Through this mapping exercise, several KC4 assays or detection techniques have been identified across these different subgroups, many of which can be applied in exposed humans or in primary human tissues or cells. Methods used to measure DNA methylation in exposed humans, both global and locus-specific, include (but are not limited to) the affinity enrichment technique, bisulfite conversion, Enzyme-Linked Immunosorbent Assay (ELISA), application of endonucleases and methyl-sensitive restriction enzymes, HPLC, the luminometric methylation assay, MS, and colorimetric methylated DNA quantification kits [53–55].

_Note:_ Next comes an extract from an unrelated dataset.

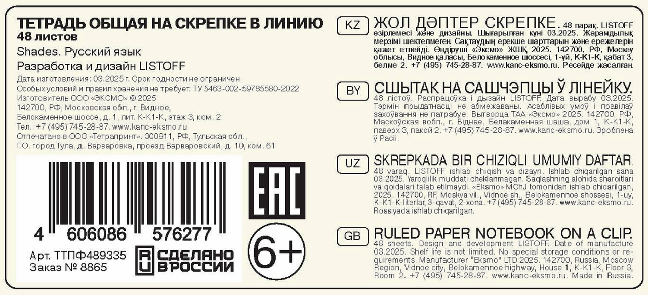 Тетрадь предметная Listoff Shades Русский язык, 48л

Assays measuring changes in the expression of both small and long noncoding RNAs have also been used as supporting evidence of KC4. These methods range from Reverse Transcription-Polymerase Chain Reaction, northern blotting, hybridization to microarrays, cloning, and sequencing, as well as in situ hybridization methods. This includes single-cell miRNA detection by microscopy with in situ hybridization to measure small noncoding RNAs [56] and single-molecule RNA in situ hybridization (smRNA FISH) to measure long noncoding RNAs, a heterogenous class of mRNA-like transcripts that do not code for proteins [57]. A more recent study employed RNA-seq as a means of identifying long noncoding RNA tissue- and cancer-specific expression profiles in human blood or urine samples [58]. For instance, diagnostic tests have been developed for the detection of PCA3, a prostate-specific long-coding RNA (lncRNA), overexpressed in prostate cancer in urine samples as a biomarker for noninvasive diagnosis of prostate cancer [59, 60]. Additional endpoints and assays that have been employed in exposed humans and have been used to support the classification of a chemical as exhibiting KC4 are summarized in Supplementary Table 4(D).
Measurement of KC7 in exposed humans
Measuring immunosuppression (KC7) in the body is multidimensional, as it affects the entire immune system and involves interactions between innate and adaptive immunity. As the biological endpoints of immunosuppression are more ambiguous than those associated with genotoxicity, for example, this mapping exercise has aimed to characterize those that have been referenced in previous monographs to refine this list.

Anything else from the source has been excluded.